Brooklyn followed its stirring comeback from 21 points down in Boston with a horrendous shooting performance at home Wednesday night, getting crushed, 118-79, by Memphis and booed off the court at Barclays Center.
Kenny Atkinson didn’t address the media until nearly 25 minutes after the game — more than twice as long as usual. Instead, he engaged his team in a lengthy team meeting, which Spencer Dinwiddie likened to the “airing of grievances” from “our little bitty Festivus,” the fictitious holiday from “Seinfeld.”
“The crowd let us know about it and they are 100 percent right. I think you feel that when it’s not there,” Atkinson said after the Nets’ sixth loss in their last eight games. “Forty-point losses, believe it or not happen in this league. But I think collectively we didn’t like our compete level and our spirit wasn’t where we needed it to be. And we talked about it in the locker room. Coaches and players having a good, old-fashioned great communication.”
Caris LeVert scored 14 points one night after netting a career-high 51 in Tuesday’s overtime win, but he and Dinwiddie (1-for-9, four points) combined to shoot 0-for-12 from 3-point range and 7-for-28 overall.
Taurean Prince scored 15 points and Chris Chiozza added 14 for the Nets, who were outscored 66-34 in the second half.
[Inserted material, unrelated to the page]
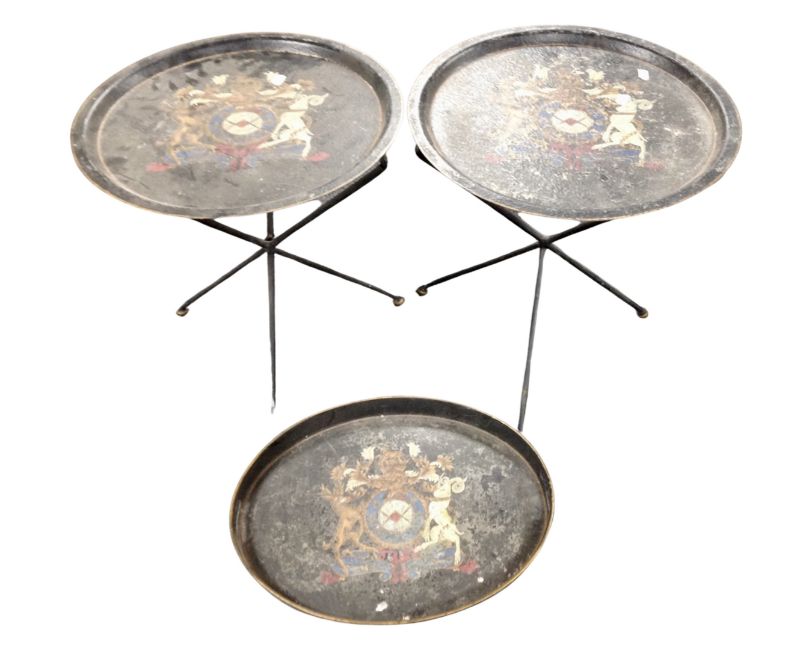 A pair of metal folding occasional tables bearing coat of arms together with matching serving tray

They also collectively shot just 7-for-42 (16.7 percent) from long distance for the game, compared to Memphis’ 20-for-44 night from beyond the arc.
Nets’ DeAndre Jordan argues with the refs during a tough loss.Paul J. Bereswill“They scored a lot and we didn’t. … All the way around they made plays and we didn’t,” said Dinwiddie, who wouldn’t allow that fatigue was a factor following the rousing win the previous night. “We’re not in the business of making any excuses. We have to do what we need to do. This is our job.”
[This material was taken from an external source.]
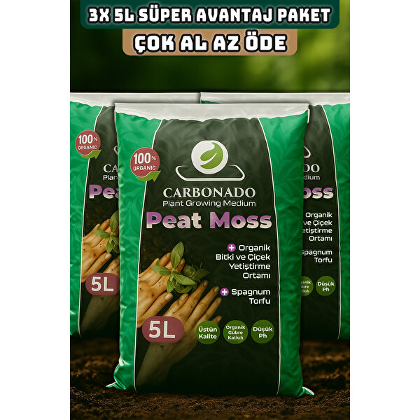 Carbonado Peat Moss 5L x3 - Bitkiler İçin Zengin Organik Torf

Josh Jackson netted 19 points, Tyus Jones had 18 and breakout rookie Ja Morant finished with 15 and five assists for the rising Grizzlies (31-31), the No. 8 team presently in the West, 3 ½ games ahead of No. 9 Sacramento.
“Give them credit, they played really hard. Obviously, you never want to downplay the other team after a heinie-whipping like this,” Dinwiddie said. “But we definitely had a lot of shots we should have made.”
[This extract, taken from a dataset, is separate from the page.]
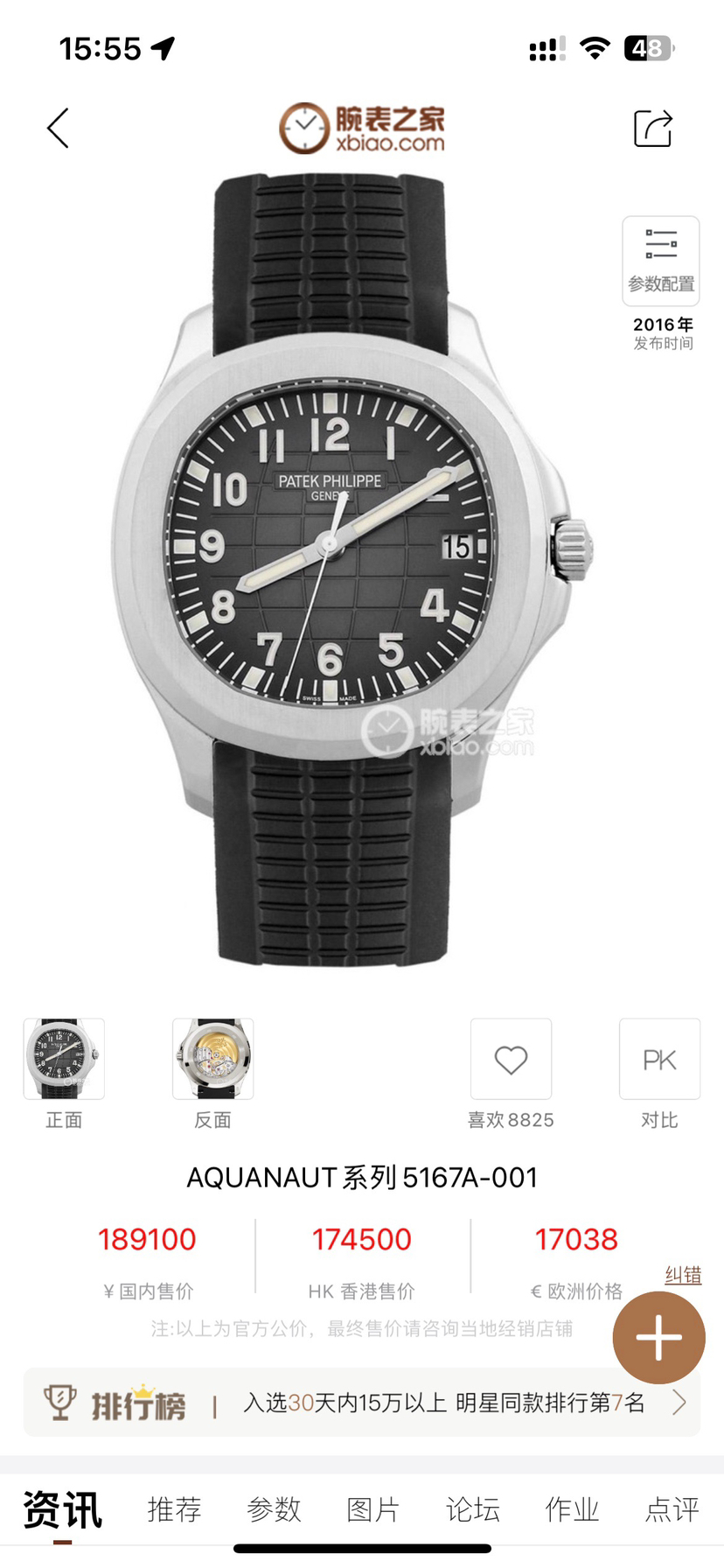 PP 百达翡丽5167A-001胶带手雷系列钢款自动机械腕表 表径40mm 日期显示 专柜售价: 189100 专柜一表难求!理财产品!硬货!价硬!现货好价秒

The Nets overcame a 21-point deficit and hung on for an uplifting overtime win Tuesday night, with several reserves playing key roles down the stretch alongside LeVert, who erupted for 37 points in the fourth quarter and overtime.
Chiozza scored eight points down the stretch against the Celtics and made an impact again off the bench against the Grizzlies, scoring seven straight Nets points early in the second quarter for a 31-28 Brooklyn lead.
Dinwiddie, who didn’t reenter Tuesday’s game after he was pulled late in the third quarter, missed his first five shots against Memphis and finished the first half with just four points, shooting 0-for-5 from long distance.
Jones had 10 points and Morant had nine, including a driving dunk in the second quarter for a 52-45 Memphis lead at intermission. The Grizzlies extended cushion to 17 points in the third and opened the fourth on an 18-3 run — including 3s by Jackson, Jones and Kyle Anderson — to balloon the lead to 100-68 before the midpoint of the final period.
“Like I say, these are the moments where you really have to embrace the adversity,” said Atkinson, whose team remained a half-game ahead of Orlando for the No. 7 playoff position in the Eastern Conference. “But we’re obviously disappointed and frustrated that we couldn’t build off of a great win.
“Guys were a little frustrated we got down, we were missing shots, but we just didn’t have that fighting spirit that we normally do.”